Continuamos, mas à frente surgem de novo snipers nas montanhas. A caravana é detida naquele ponto, quem já passou continua a marcha sobre Taloqan. Ficamos parados, a disparar sobre uns taliban teimosos mas então ouvem-se disparos atrás de nós. Eles estão dos dois lados, é uma emboscada!”, grita alguém. Uns dez camiões e umas centenas de homens ficaram entre as duas linhas de fogo. O tiroteio dura meia hora. Depois, é a ordem para avançar.

Noite

Era já noite quando entrámos em Taloqan. Dos dois lados da estrada, centenas de pessoas aplaudiam os libertadores. A certa altura enchiam a estrada, obrigavam os camiões a parar, abraçavam os soldados.

Chegámos à avenida principal de Taloqan, Sarek-kir. Depois à praça central, no meio da qual havia uma espécie de guarita para o sinaleiro. O comandante-geral das tropas, o general Duoudkhan, fez um discurso. Mas não havia muita gente na praça. Apenas soldados. A população estava provavelmente em casa, cheia de medo. Toda a euforia de algumas horas atrás desaparecera. Assim às escuras, com os soldados a deambular à volta da guarita do sinaleiro, a praça central de Taloqan recém-libertada era afinal um lugar triste. Talvez porque a libertação veio tarde de mais, ou porque já ninguém acreditava em libertações, ou porque não havia glória possível numa guerra que durava há demasiado tempo (Taloqan é uma palavra uzbeque que significa poça de sangue).

O cortejo de um casamento, com os noivos nos seus complicados trajes e um bando de convidados com ar comprometido, dispersava finalmente, pelas ruas adjacentes da praça. Entraram numa casa, para o final da festa, que não foi interrompida pelos combates. Começou ainda sob o domínio taliban, e terminou na cidade libertada.

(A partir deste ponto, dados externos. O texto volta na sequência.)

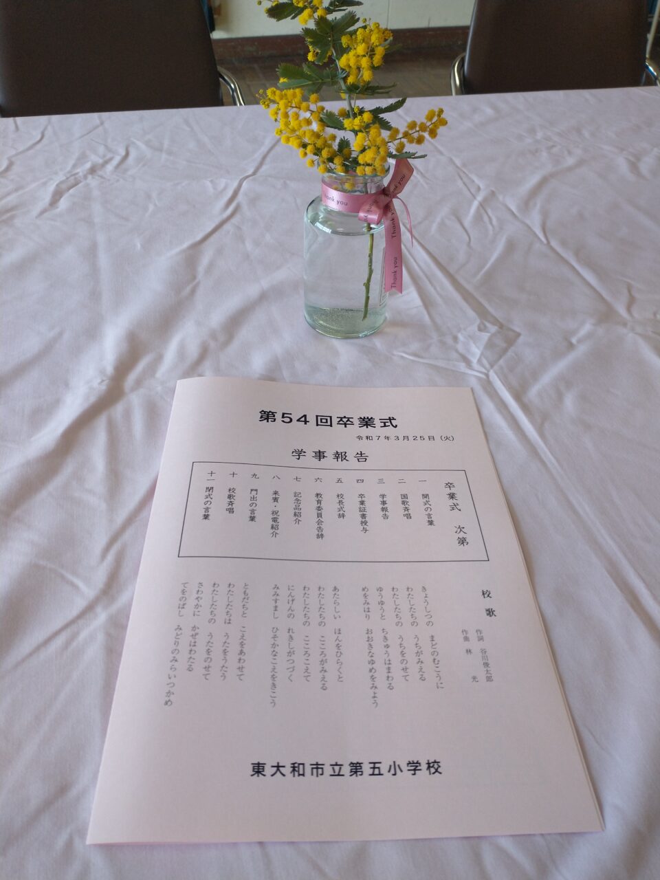 朝から穏やかに晴れた今日、市内10校の小学校で卒業式が行われました。私は、娘たちの母校である第五小学校の卒業式に参列させていただきました。

Grupos de homens barbudos acercaram-se de mim. Amanhã vamos todos ao barbeiro cortar isto” diziam. Estavam contentes. “É incrível. Há uma hora os taliban estavam aqui.” Outros contaram-me como os taliban torturavam e executavam pessoas, como os roubavam, como maltratavam as mulheres.

Uns vinte por cento da população da cidade fugiram com os taliban, não tinham outro remédio”, disse-me Chessik, 17 anos. Fui a casa dele. O pai, Raussuzin, 60 anos, era professor de religião na escola secundária. Estava a ouvir uma emissora iraniana no rádio portátil que tinha tido escondido em casa. Foi com esse rádio que soube do atentado ao World Trade Center. Um atentado terrorista. O povo do Afeganistão condena o terrorismo, o Islão não tem nada a ver com o terrorismo nem com as acções dos taliban.” Na parede da sala onde me ofereceu um chá, havia um retrato de Atik, o irmão de Chassik que aos 21 anos foi morto pelos taliban. O Islão é uma religião evoluída”, disse ainda o professor.

Pouco depois, perguntei a dois homens na rua se sabiam quem era Bin Laden. Não, nunca ouvimos falar. Não somos pessoas muito cultas”.